Respuesta :

jcherry99

Answer:


Step-by-step explanation:

The question is faulty. It works once it gets to + 1, +2,  +3

The other x values should be 0 and - 1 instead of -1 and -3.

Here's the formula I get.

f(x) = 2*3^(2x + 1)

f(0) = 2*3^(1)

f(0)= 6

f(-1) = 2*3^(-2 + 1)

f(-1) = 2*3^(-1)

f(-1) = 2/3

f(-2) = 2*3^(-2*2 + 1)

f(-2) = 2*3^(-4 +1)

f(-2) = 2*3^(-3)

f(-2) = 2/27

Since my answers do not agree with the given answers, I can do nothing more to help you.

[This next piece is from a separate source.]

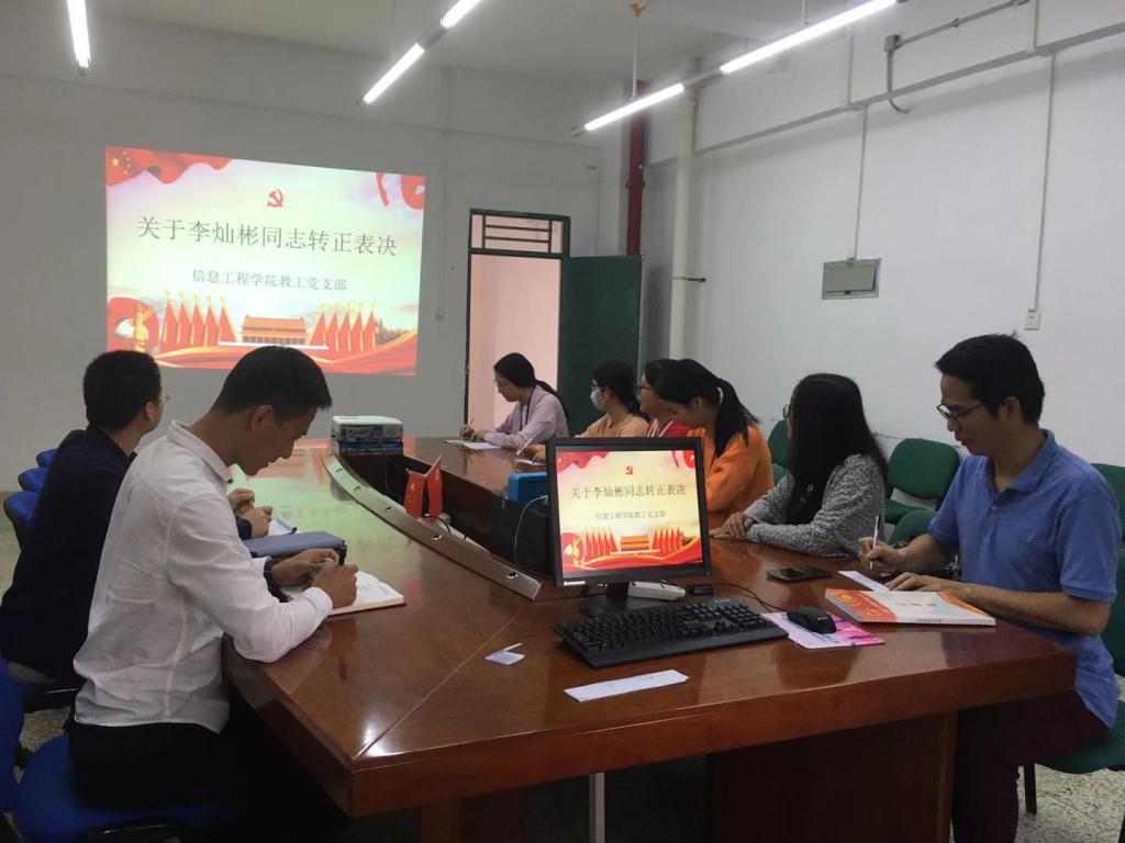 11月18日上午,信息工程学院教工党支部在2328会议室召开“关于预备党员李灿彬同志的转正通表会”,会议由教工支部副书记熊婉迪主持。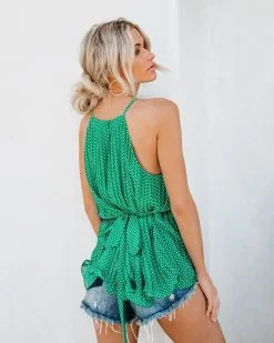 Viera Polka Dot Pleated Tie Top – Green – LAST CHANCE

I will pass this along to someone I know who will see through it.

sqdancefan

Answer:

The base of the exponential is 3, which is the factor by which output increases when input increases by 1.

Step-by-step explanation:

You are looking for "b" in ...

... f(x) = a·b^x

Filling in values from the table, you have

... 2/3 = a·b^(-3)

... 6 = a·b^(-1)

Dividing the latter by the former gives ...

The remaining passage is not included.